I agree with much of what the author says about a proto-homosexual identity emerging. People increasingly saw sodomy as linked to a certain type of man rather than an illicit sexual act likened to others. I disagree that sodomy was losing its importance in the cultural milieu of the late eighteenth century. Sodomy and effeminacy were useful demarcations of manliness for American men looking to contrast themselves with Europeans.
Relatively straight forward yet slightly repetitive by the last chapter. Men policed other men's behavior, class/wealth was a serious advantage, & the book seemed to pair well with Clare Lyons' "Sex Among the Rabble"---which centers on Philadelphia and this book follows Massachusetts.
Here's the one book about colonial Massachusetts in which I was relieved to find no mention of any of my ancestors!
While the book is about male sexuality -- as identity, as a series of acts, as tied to a man's social and business standing, as a reflection of moral character -- it contains a wealth of anecdotes from court records of assaults, affairs, rapes, incest and other sexual acts. So to my ancestors? Good job on keeping it out of the history books.
As someone who represented victims of sex abuse in civil cases, it was fascinating to see what went into similar cases in the eighteenth century. Then as now, sexual deviance and rape were most likely to be prosecuted only where the perpetrator was of lower socioeconomic status; no one likes to make accusations against the town/church elders. This truism is why sex abuse, sadly, seems as though it will always continue within the confines of any patriarchal church community. But...I'll get off that soapbox for now.

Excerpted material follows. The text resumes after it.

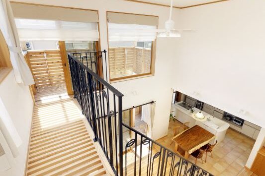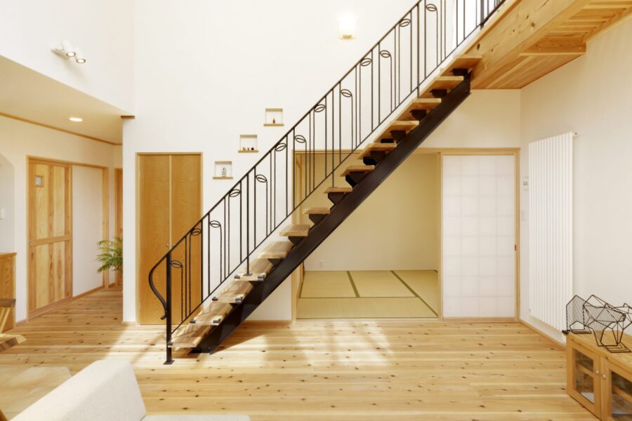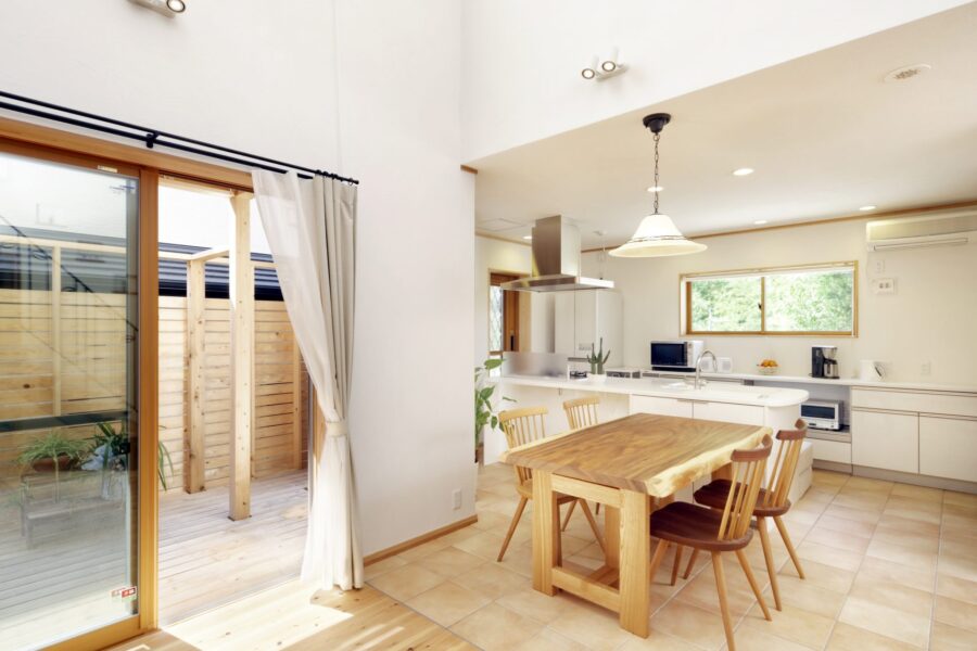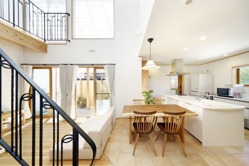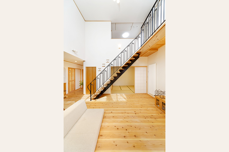 アイランドキッチンからは庭の緑が見え、階段と大きな吹抜けのあるリビングは、和室とウッドデッキとも連続し、縦にも横にも広々とした空間になりました。

The book started life as a PhD dissertation and it shows. Not in a bad way, but in an occasionally tortured sentence, telegraph the contents of every paragraph sort of way. (But frankly, it was nice to read something that was written for an educated audience.)
That said, it was a relatively quick read (one afternoon, with many interruptions). I enjoyed it, but had the sense that the author didn't quite write the book he wanted to write, or at least didn't emphasize what he would have preferred to emphasize. There was some repetition of concepts (OK, I get that a man's fractured or intact or happy or unhappy domestic life reflected on him personally! I GET IT! I didn't need to read it fifty times!). Each chapter was interesting, but didn't necessarily tie together with the others; in a way, it was more like reading a series of journal articles.
Overall, a worthwhile trip into colonial Massachusetts bedrooms!